A single 29-metre-long wooden structure organises the entire programme. At its centre, a tiered seating area accommodates presentations and public events, while two workshop spaces for adults and children unfold on either side. Lounge areas at both ends welcome visitors arriving from the museum’s two elevators, and integrated curtains allow the space to be subdivided according to changing activities throughout the day. Storage, furniture and technical requirements are incorporated within the structure itself, allowing the architecture to contain everything needed to activate the space without introducing additional elements.
This constructive logic extends to the material strategy. The entire intervention was fabricated from 224 rejected oak-veneered poplar plywood panels donated by Garnica. Although discarded during quality control because of minor manufacturing imperfections, the panels retained their full structural performance. Rather than concealing their inconsistencies, the project incorporates them into its own construction system, reflecting a practice deeply rooted in Mediterranean culture: making the most of what already exists.
The same approach informed the development of CrNC (Creative Numerical Control), a process that reinterprets CNC machining to reveal, rather than disguise, the material. By partially removing the thin oak veneer from the surface of each panel, the process exposes the poplar beneath, which is the material that makes up almost the entire board and usually remains hidden. Instead of applying a new texture, CrNC uncovers one that already exists, questioning conventional material values.

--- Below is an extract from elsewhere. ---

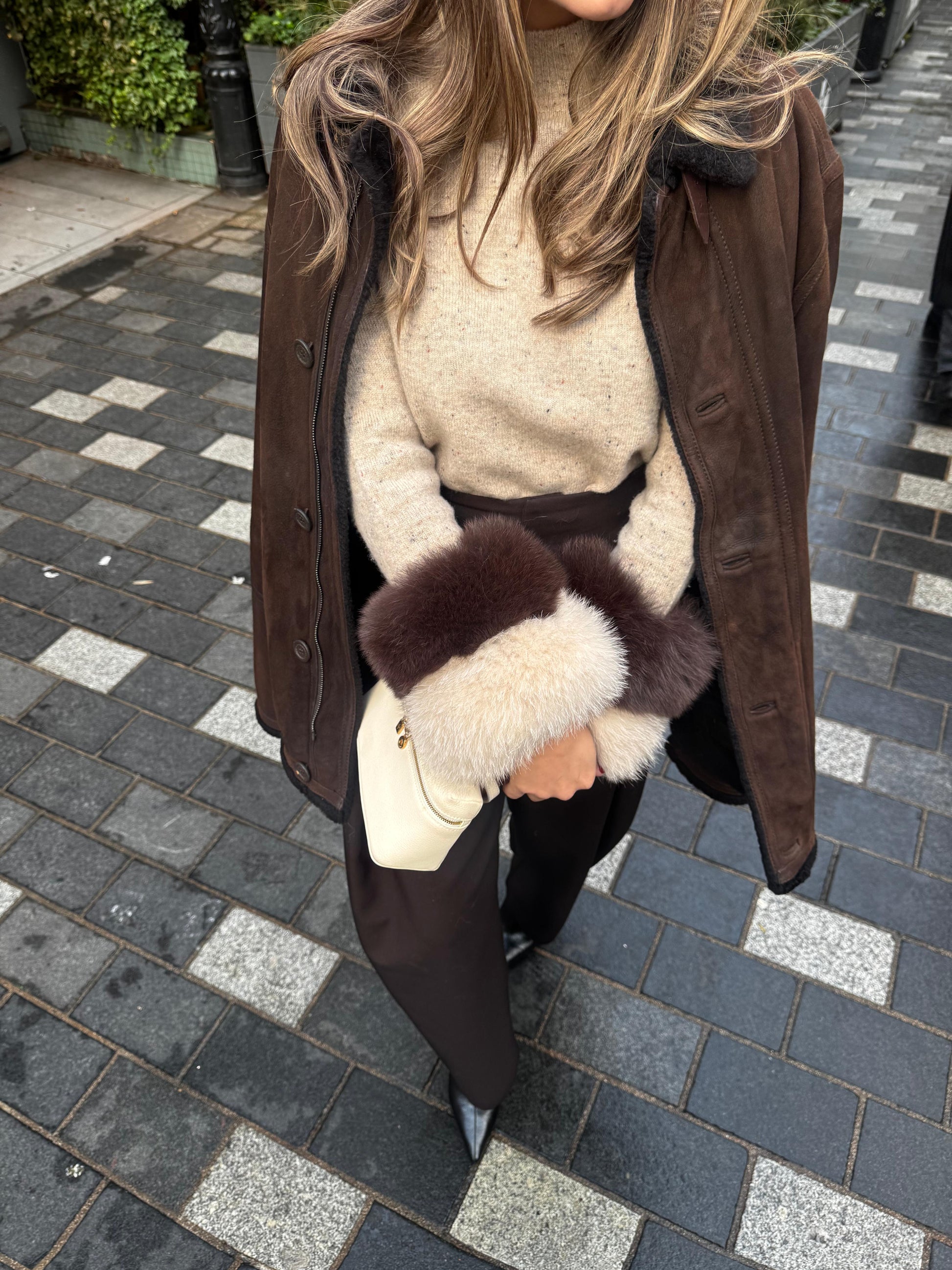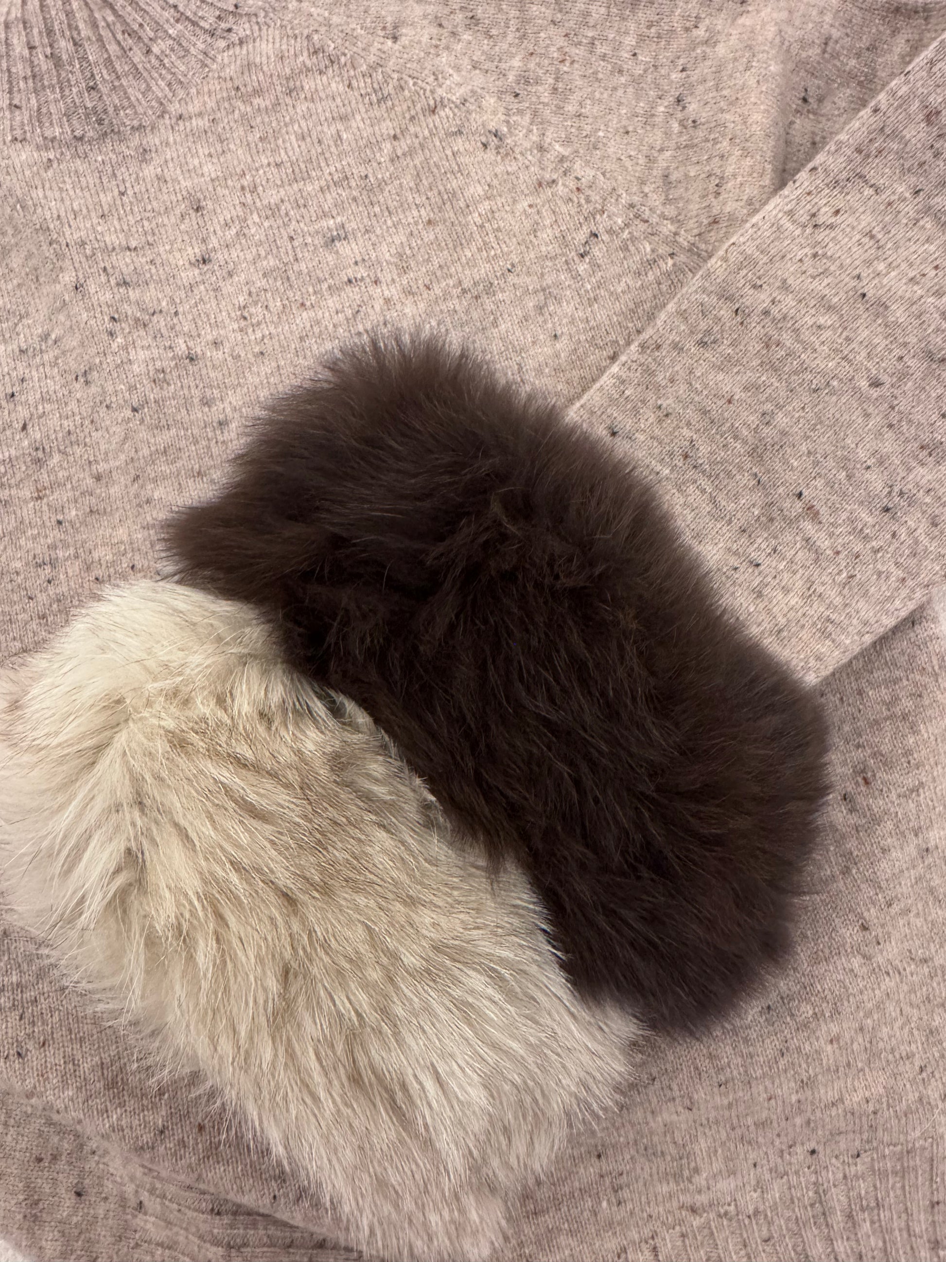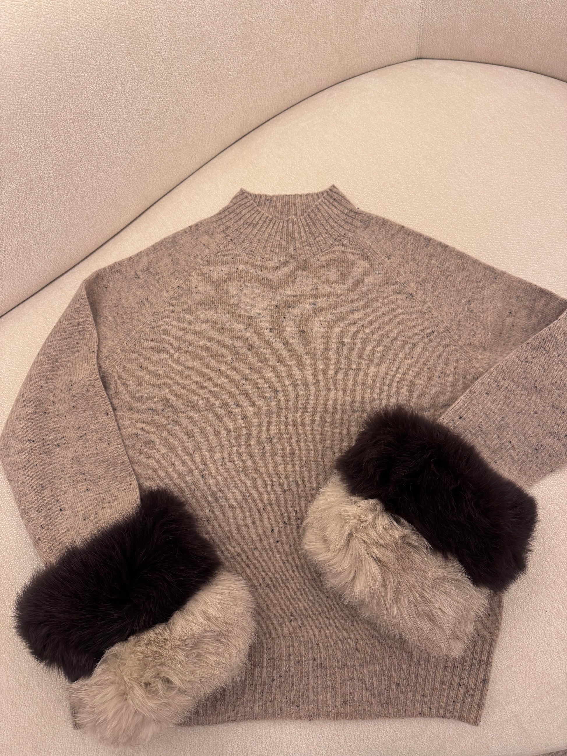 A warm wool sweater finished with thick, plush fox fur for a rich, textured look. Cozy, insulating, and effortlessly elegant.

The furniture follows the same principles. Tables, benches and chairs are produced from the offcuts generated during fabrication, maximising the use of every plywood sheet. Designed to fit precisely within the structure, each piece can be deployed when needed and stored almost invisibly when not in use. Architecture, furniture and storage therefore become part of a single continuous system that enables the space to transform throughout the day while maintaining a coherent spatial identity.